The Art of the Frame

I am always in awe when I look at a carved frame, sometimes it’s the ‘stand out’ more than the subject that draws my attention.  Less so the dark wood and painted ones, it’s the 17th c onwards when the magnificent, gilded gems gained favour.  Frames were made for show, the presentation of the neutral gilt surround, subtly reflecting light and shadow, was designed to enhance the colours of the painting as well as the room.

Frames are complex. Construction required the skills of the joiner for the basic framing, the carver to create the form and the gilder to apply thin layers of gold or other metal leaf to a laboriously prepared gesso surface.  The gilder would burnish the gold surface to create a perfect hue and translucency to thoughtfully complement the painting or what was very expensive mirrored glass.
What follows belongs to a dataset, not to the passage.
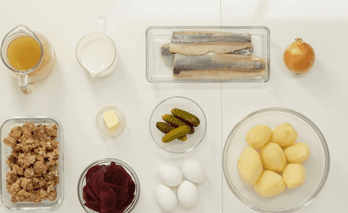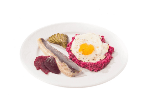 Place 2 spoons of labskause on a plate, top with 1 fried egg, and garnish with slices of pickled beetroot, pickles, and herring.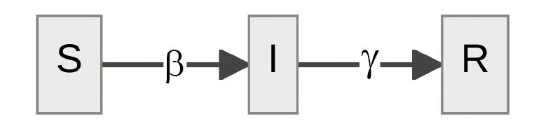 Классической моделью эпидемии является модель SIR, предложенная В. Кермаком и А. МакКендриком [28]. В этой модели различают три состояния индивидуумов: S – восприимчивый, I – инфицированный, R – выздоровевший (или невосприимчивый). Процессы, характерные для модели SIR, могут быть представлены диаграммой на рис. 1, где β – интенсивность заражения, γ – интенсивность выздоровления.

From the 17th c onwards frames became bolder, the carving deeper, as we see in the Italian carved Florentine framed mirror with its distinctive, deep bold, scroll and leaf decoration.

Antique Italian Carved Florentine Giltwood Mirror
Italian carved Florentine framed mirror
Antique Italian Carved Florentine Giltwood Mirror detail
Close up detail of the framework

The introduction of a plaster composition, or ‘compo’ in the 18th century extended the possibilities for more complex decoration, as seen in Campagna Collection’s offer of an early 18th c Georgian carved giltwood frame with foliated corners and strapwork decoration. These are fine examples executed by skilled artisans.

Look closely, the art of the frame maker is a joy to behold and always enhances a room!